O flash de pensamento suicida se difere do planejamento, do ato e daquele pensamento corriqueiro que vem de forma tenazmente fetichizado com a morte, obsessivamente presente e que inesperadamente surge, causando desânimos ao ser. Isto é, pensar, vez ou outra, não indica tendência à, porém pensar a todo instante, frequentemente, repetidamente, como se o texto da vida fosse totalmente mortífero e nenhum outro arranjo fosse possível, é um fator de alerta que pode tornar-se fator iminente de risco.
O planejamento suicida é uma história que o sujeito cria, com cenário, dramatização, se prepara para tal, chega a colocar até data, descreve como será, esquematiza, trabalha todo o enredo e funda um compromisso que, se não tiver alguma intervenção, pode se concretizar na realização da passagem ao ato.
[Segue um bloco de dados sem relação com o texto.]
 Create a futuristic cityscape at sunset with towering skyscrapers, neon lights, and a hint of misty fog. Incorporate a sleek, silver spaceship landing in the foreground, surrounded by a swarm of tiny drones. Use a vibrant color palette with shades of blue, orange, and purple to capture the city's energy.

O planejamento é uma história e, por assim ser, pode-se escrever novos acontecimentos, porém se não houver atravessamentos, o seu fim estará alinhavado ao previsto suicídio. Inúmeros, ainda que no um a um de sua singularidade, é o paciente que “já sabe o que vai fazer”, que tem definido quando, onde e como será o até então derradeiro ato de sua vida.
Acolher, escutar, fazer falar, deslocar os significantes ali colocados, favorece o tratamento. Segundo Françoise Dolto “ajuda-se uma pessoa mostrando-lhe que não é uma pária por pensar nisso.” (Dolto, 1962).
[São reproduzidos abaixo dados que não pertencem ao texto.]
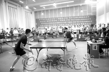 近日,由济宁市乒乓球协会主办的“广联医药·乒协杯”全市乒乓球比赛顺利举行,该比赛旨在迎接省运会,推动全民健身活动,丰富干部职工业余文体生活。图为比赛现场。 本报记者 马辉 摄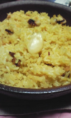 北海道北見のオニオンコンソメスープが手に入りましたので、何かそれにぴったりな献立をと思いつき、冷凍のシーフードミックスを入れてパエリア風の炊き込みご飯を炊いてみました。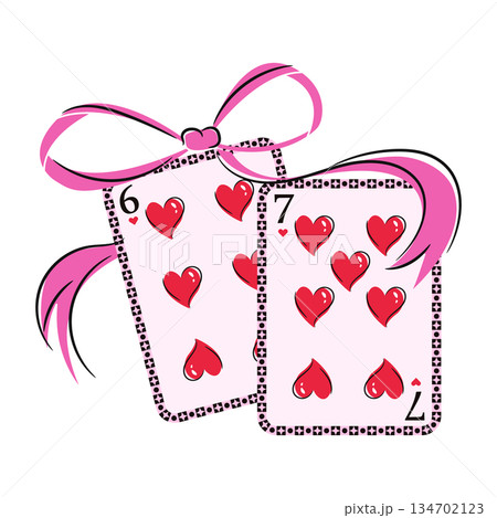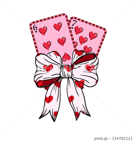 67 Valentine Day Cards meme with hearts detail. Preppy Bow ribbon Six Seven Valentines Coquette Funny Shirt Design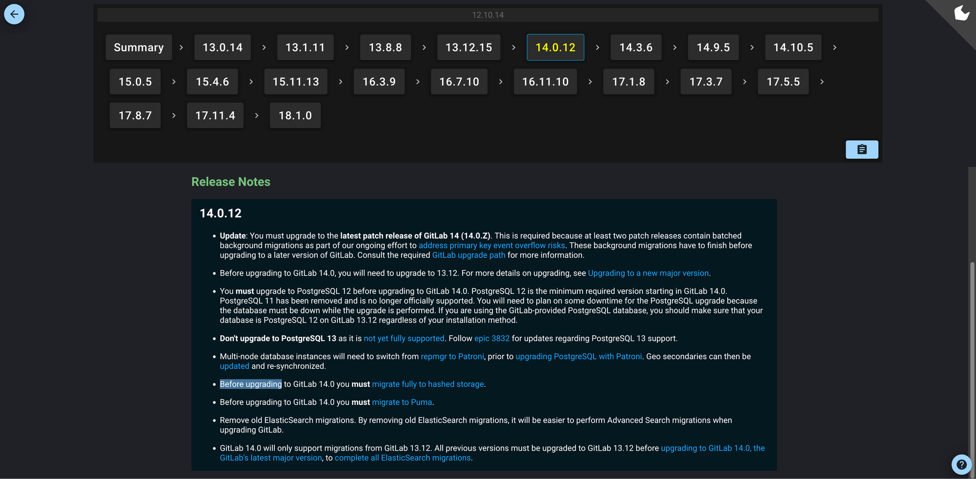 Gitlab 升级需要严格遵循升级路径,大体上是每个子版本都需要,确保所有的库 migration 代码执行。可使用工具 Upgrade Path Tool 查询升级路径。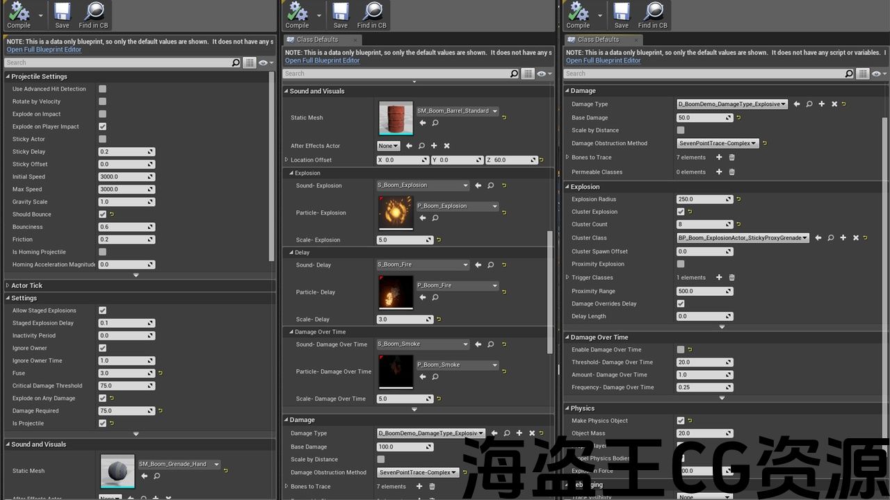 List of Features: Explosion actors with settings for damage, how damage is applied, how damage is parsed, slow damage over time effects, visual cues for state of actor/explosion, sound cues for state of actor/explosion, proximity triggers, sticky actors, timed explosions, explosion after effects, physics interaction with explosions and explosive actors, cluster explosions, and much more.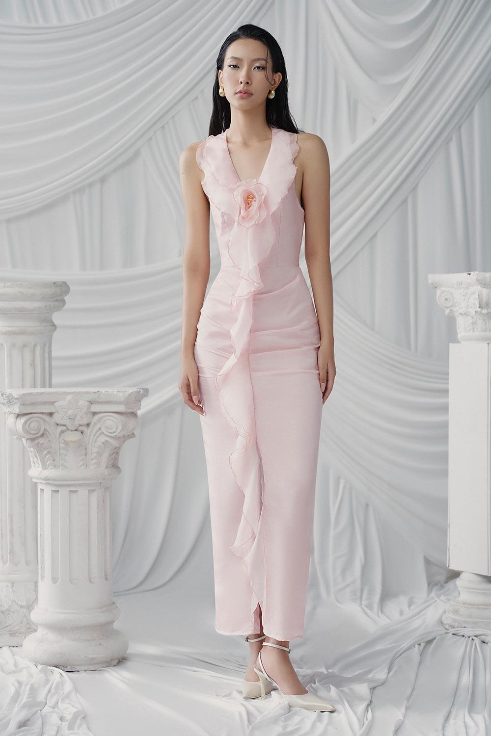 Ruffle trim on the center, Applique floral on the chest, Draped lower skirt, Plunging neck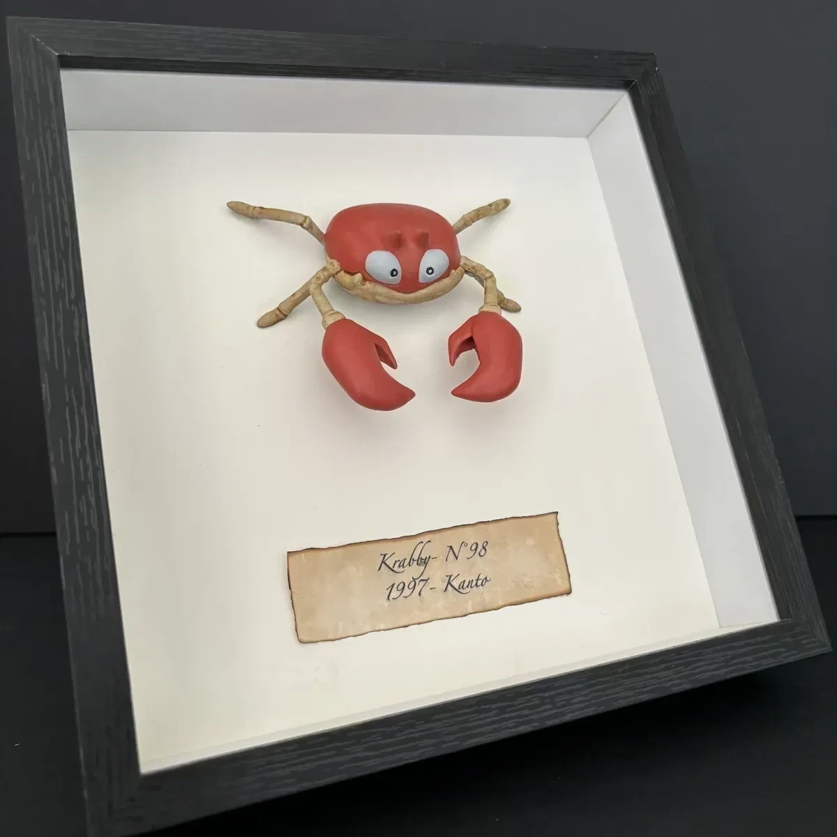 KRABBY #98 - POKEMON miniature de collection style entomologie et taxidermie sous cadre
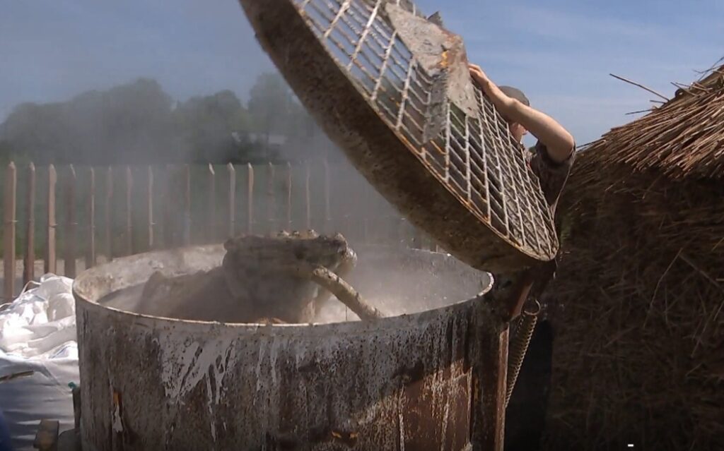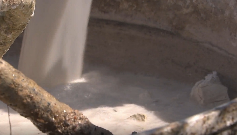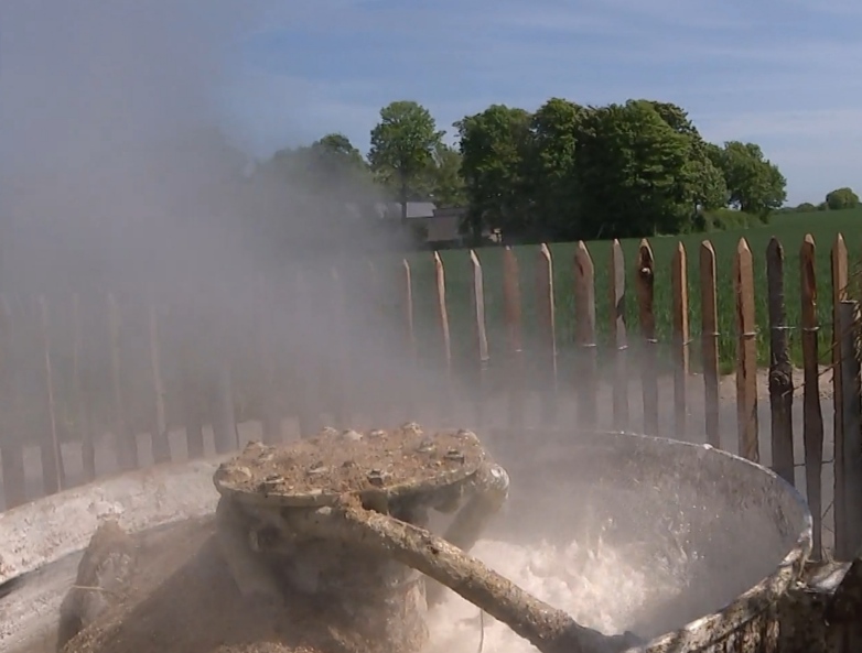Kalkkitahnaksi poksahtaneet kivet ovat siis kuumia ja kun vesi ja kalkki yhtyy alkaa vesi kiehua ja höyrystyä. Veden kuumeneminen rikkoo kivet ja ne poksahtaen hajoavat pieneksi ja rumpu hiertää ne veden kanssa rakeaksi tahnaksi jota täytyy siivilöidä. Siitä erotetaan kivimurut sekä karkeudet hienosiivilässä käsi menetelmin.

Dimensões psíquicas do luto
O processo de luto está interligado às demandas entre dois extremos da existência humana: a vida e a morte. O luto é um sentimento de extrema dor, afetando o enlutado tanto na mente, como na alma. Sua dor não distingue da dor de amar, pois a perda do objeto se configura como uma ruptura traumática do corpo e alma, relegando ao indivíduo uma dor incomensurável. Necessitando representá-lo, nomeá-lo e refleti-lo para realizar o luto dele. Mas também para que, ao falar dele, ao nomeá-lo e representá-lo, eu seja capaz de me angustiar (NASIO, 2007, p.68).
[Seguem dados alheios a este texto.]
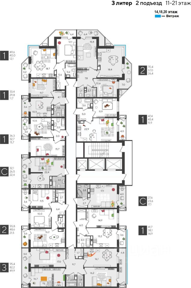 В продаже 2-комнатная квартира от застройщика! ЖК "Рекорд" 2 очередь, г. Краснодар, Литер 3 Срок сдачи: 4 кв. 2026, общей площадью 70.4 кв.м., на 18 этаже.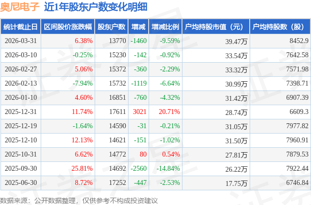 从股价来看,2026年3月10日至2026年3月31日,奥尼电子区间涨幅为6.38%,在此期间股东户数减少1460.0户,减幅为9.59%。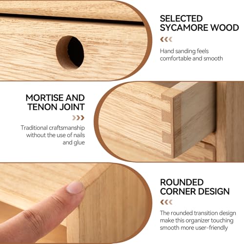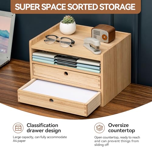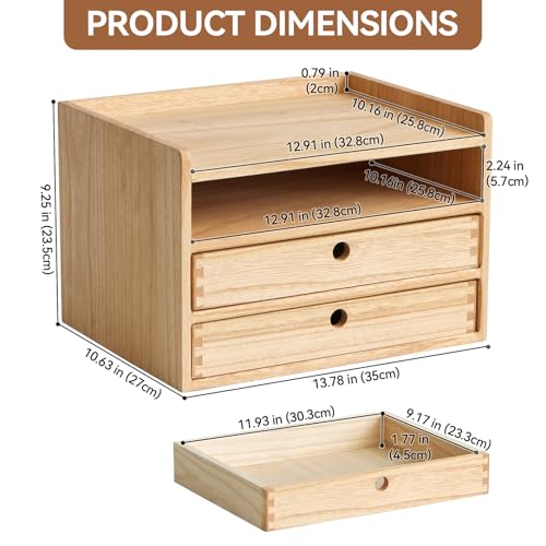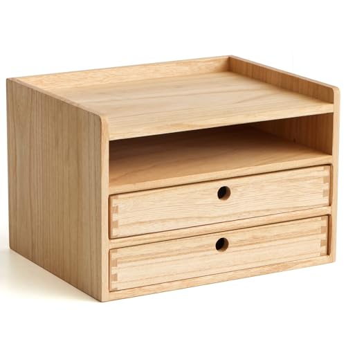 KIRIGEN - منظم سطح مكتب خشبي مع أدراج لمساحة العمل المنزلية واللوازم المكتبية، صندوق تخزين خشبي مع 2 أدراج ورف واحد من كيريجن، لون طبيعي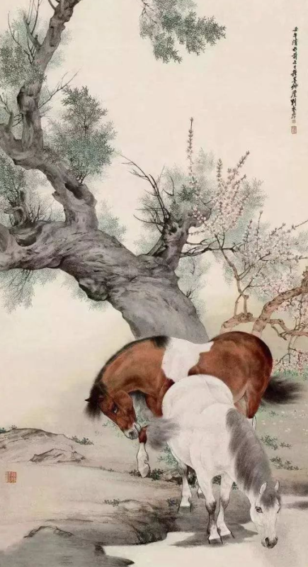 刘奎龄的艺术成就不仅在于技法的高超,更在于他对艺术的执着追求和不断创新。他孤身前行,语讷志坚,其创作恰与徐悲鸿的“尽精微,致广大”契合。他钟情于日本绘画,关注横山大观和竹内西凤等代表性人物,学习借鉴朦胧派、狩野派、大和绘、汉画等古典技法精粹。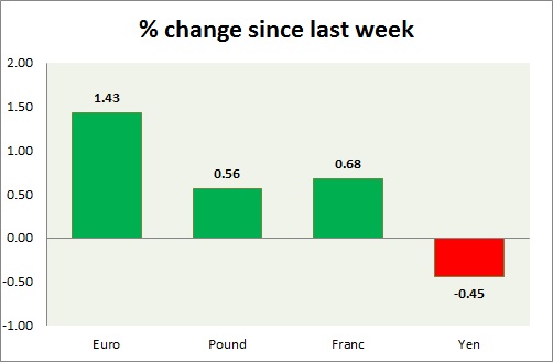 Strength meter (since last week) – Euro +1.43%, Franc +0.68%, Yen -0.45%, GBP +0.56%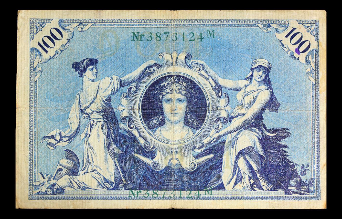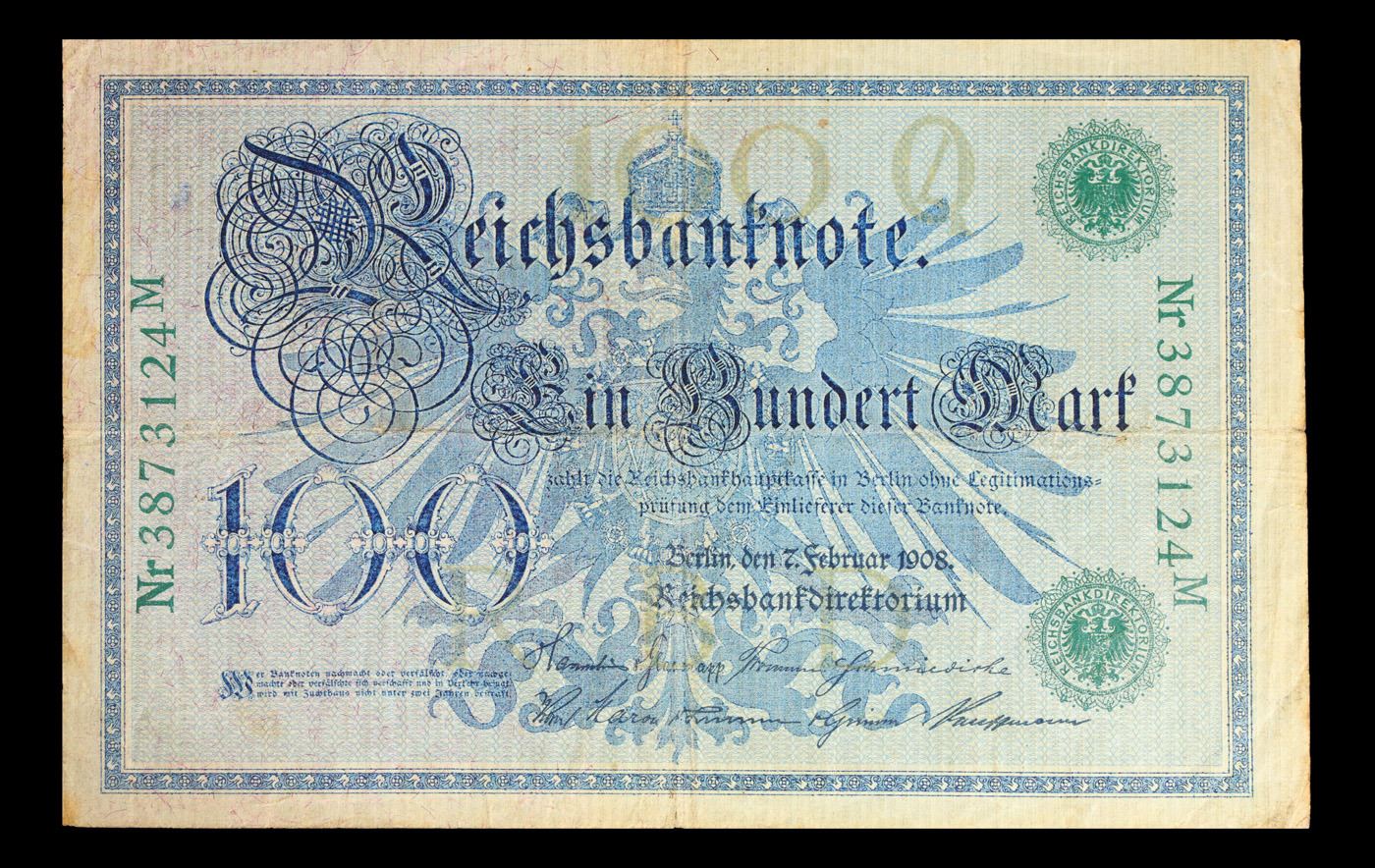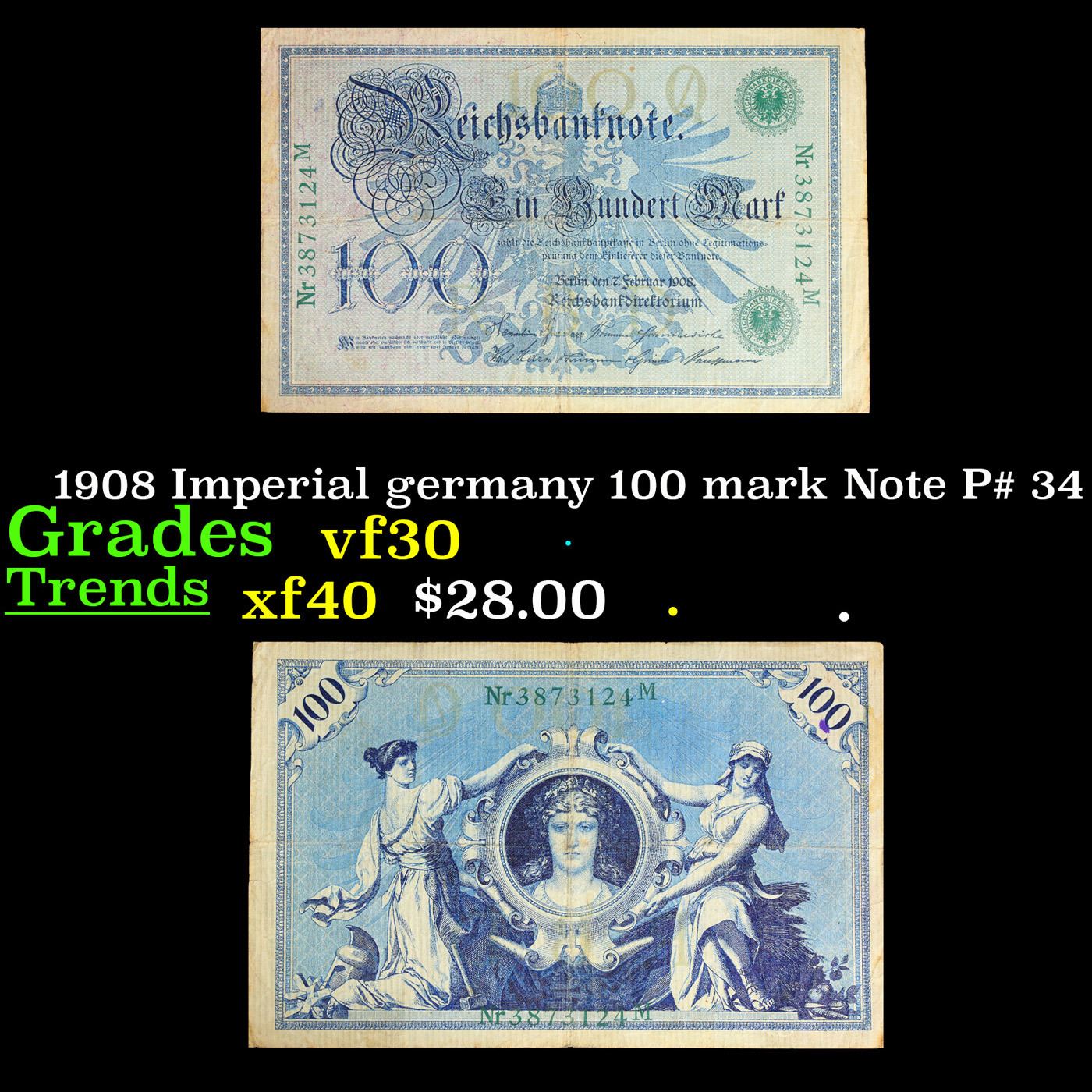 1908 Imperial germany 100 mark Note P# 34 Grades vf++. From 1871 to 1914 the German Mark was known as the "Goldmark", as it was on the gold standard. During WWI, like most nations, Germany removed the gold backing and ceased circulation of gold coins. The Goldmark was the culmination of years of effort put into unifying the currency of Germany.

O luto é a preservação desse morto dentro de nós. No entanto, resta ao enlutado desligar-se do morto e, apenas, preservar em si toda a nobreza proveniente de sua relação com o indivíduo falecido, sendo o amor uma mola propulsora de todo o apego. O luto não se limita apenas à morte de um ente querido, mas a perdas reais e simbólicas ao longo do nosso desenvolvimento, perpassando pelas dimensões físicas e psíquicas.